The second problem is that there's nothing underpinning the paper valuations of financial assets, when they've been pumped up by the combination of speculation and irresponsible credit creation.
Then, when speculators' moods switch polarities, the whole thing comes crashing down. Quoting Galbraith again, "A popped balloon never deflates in an orderly manner."
And then we all pay the price for a crisis we didn't cause. And we all suffer the hangover from a party we weren't invited to.
This cycle of paper expansion and contraction, euphoria and panic, is hard-wired into the DNA of the deregulated private financial system. The cycle has happened before. And it will happen again. The current crisis was no unfortunate accident, no "perfect storm." This crisis is simply par for the course, for a system that values speculation over production -- and that gives the private credit system free reign to throw gasoline on the fire, through unlimited, unregulated credit creation.
It will happen again and again, until we change the rules of this pointless, destructive game.
So what do we do?
First, tax them. That's the idea behind the Robin Hood Tax, that we are fighting for today. Make them pay a little bit, with every pointless, unproductive transaction, to help clean up the mess they left behind.
A transactions tax alone won't solve the problem. It won't stop the process. But at least it will support the public services that we need, all the more so in the wake of each financial meltdown.
Same goes for corporate tax cuts. Let's reverse them. Put the federal rate back to 18 per cent for the financial sector alone, and we'd raise $1.5 billion per year for essential public services.
Taxing the banks is important. But taxing the banks is not enough.
So, second, we must control them. Put in place rules that require them to use this immense power, the power to create money out of thin air, to use it sensibly and productively. Prohibit the gambling.
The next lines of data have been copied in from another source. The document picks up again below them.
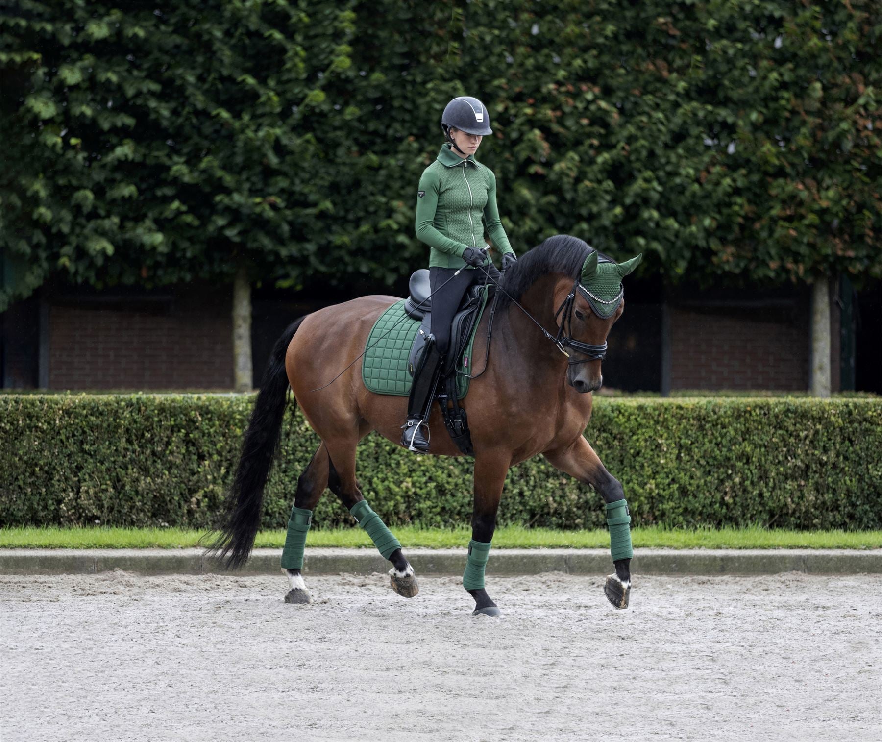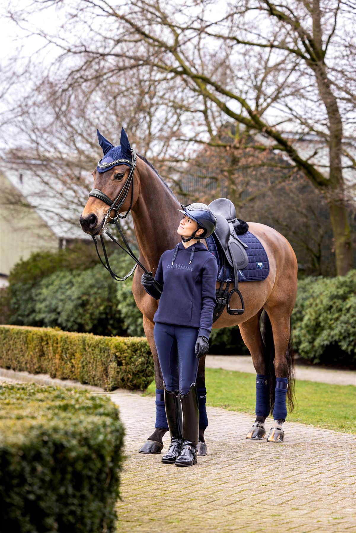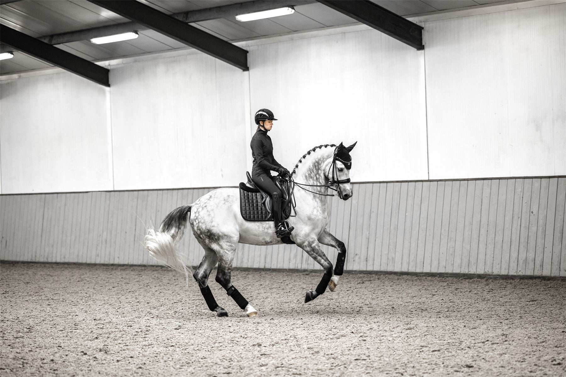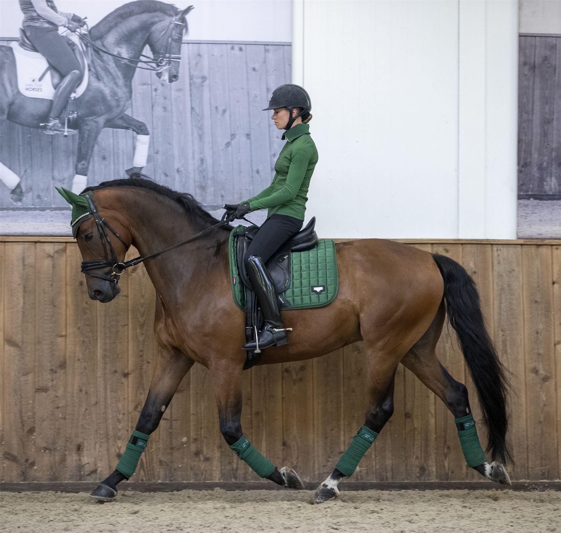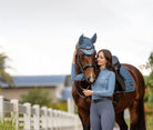 Described as the most stylish dressage pad LeMieux have ever produced. The Loire collection exudes sophistication and class - showing style without showing off! Woven Satin fabric gives a beautiful sheen to these pads whilst still benefitting from the wonderfully soft and breathable Bamboo lining. The 100% natural Bamboo material controls heat & sweat and wicks very efficiently. The whole pad benefits from a new extensively researched soft friction-free suede binding which is specially fabricated to smoothly contour the edges. This new technique helps retain the perfect saddle pad shape and binding profile. The textured PU leather girth protection area is complimented by an embossed logo and carries the usual signature LeMieux lower girth strap with its inner locking loops. The piece de resistance of the Loire Dressage Square is its unique metal badge on a leather mount in the lower back corner.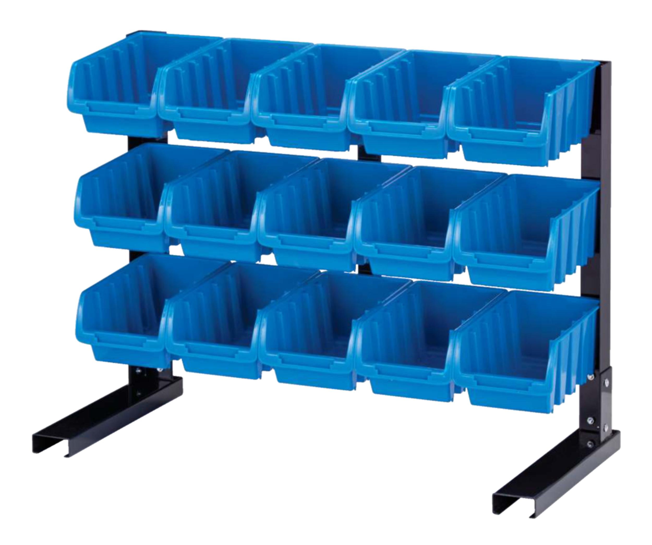 Effortlessly organize your workspace with the Mastercraft Single-Side 15-Bin Parts Rack. This compact rack is the ideal storage solution for a variety of tools, parts and accessories. Spacious and sturdy, this shelving rack features a convenient tabletop surface and additional storage space beneath the bins. Its durable construction ensures protection against scratches, corrosion, and other common forms of damage over time.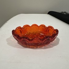 Stunning Red/Orange Blown Art Glass 6" Ashtray Dish MCM Style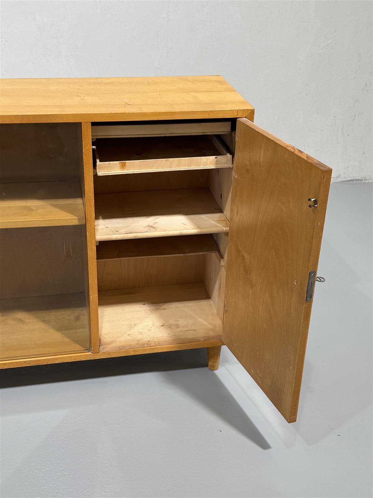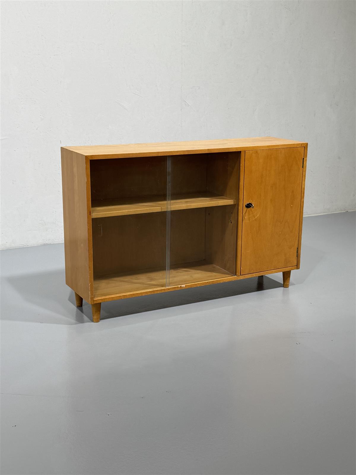 Tyylikäs 60-luvun kaappi, jossa on lasiovet ja vaaleapuinen runko. Kaapissa on yksi lukollinen puuovi, lasiset liukuovet ja avohylly, mikä tekee siitä käytännöllisen säilytysratkaisun. Sen yksinkertainen muotoilu ja puun sävy tuovat lämpöä tilaan.
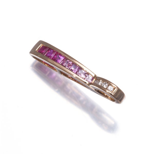 ルビー&ピンクサファイアの美しいカラーグラデーションをすっきりとしたバーデザインに飾った素敵なペンダントトップ。メレダイヤの瑞々しい煌めきとともに 装いの胸元を美しく彩ります。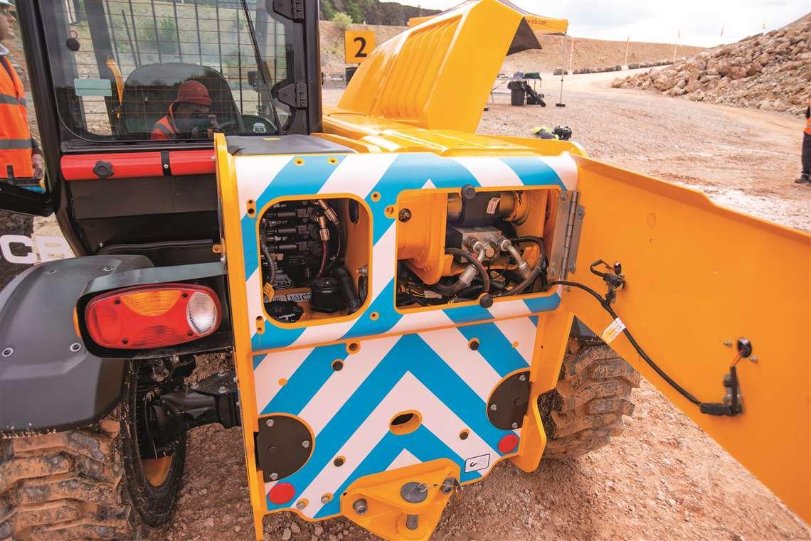 Redzamība no vadītāja sēdekļa ir ļoti laba, jo pārejot uz elektrisko piedziņu nav radīti papildu pārsegi, kas apgrūtinātu skatu. Patiešām, ja JCB būtu gribējis, tas būtu varējis samazināt veco dzinēja pārsegu, lai vēl vairāk uzlabotu redzamību, jo akumulators un elektromotora vadības ierīce ir mazāki nekā dīzeļdzinējs un transmisija, ko tie aizstāj.

Make sure loans are aimed at sustainable, productive purposes.
The new measures being promoted internationally by Mark Carney are a step in the right direction. But a tiny, tiny baby step. We need more powerful restrictions.
And friends, even controlling the banks is not enough.
What we ultimately have to do is take them back. There's nothing magical about creating credit out of thin air. There's no special technology or knowledge needed. Just the legal power.
We can create credit out of thin air, just as well as any private bank can. Ultimately, we need a public, democratic, accountable banking system. One that serves the Canadian economy, not the wealth of those who own banks.
If we can create money out of thin air to buy and sell sub-prime mortgage bonds, then by god we can create money out of thin air to pay for affordable housing that could end homelessness.
If we can create money out of thin air to buy short options on Greek sovereign debt, then we can create money out of thin air to invest in a green energy system to stop global climate change.
If we can create money out of thin air to speculate on international currencies, we can create money out of thin air to buy needed medicines to prevent hundreds of millions of needless deaths from disease in the Third World.
There's no magic to it. These ideas are prudent and rational and economically sound. Because like we said at the beginning, it is work and production and sharing and sustaining that supports our real economy. Not gambling with paper.
These towers look powerful. But ultimately they are built on paper.
We've got the real power, with our ability to work and produce and share and sustain. We've got the power to build something new. We've got the power to replace these towers with a system that works.
And that's exactly what we've started to do with this movement. Thank you for what you are doing! And let's get on with the job!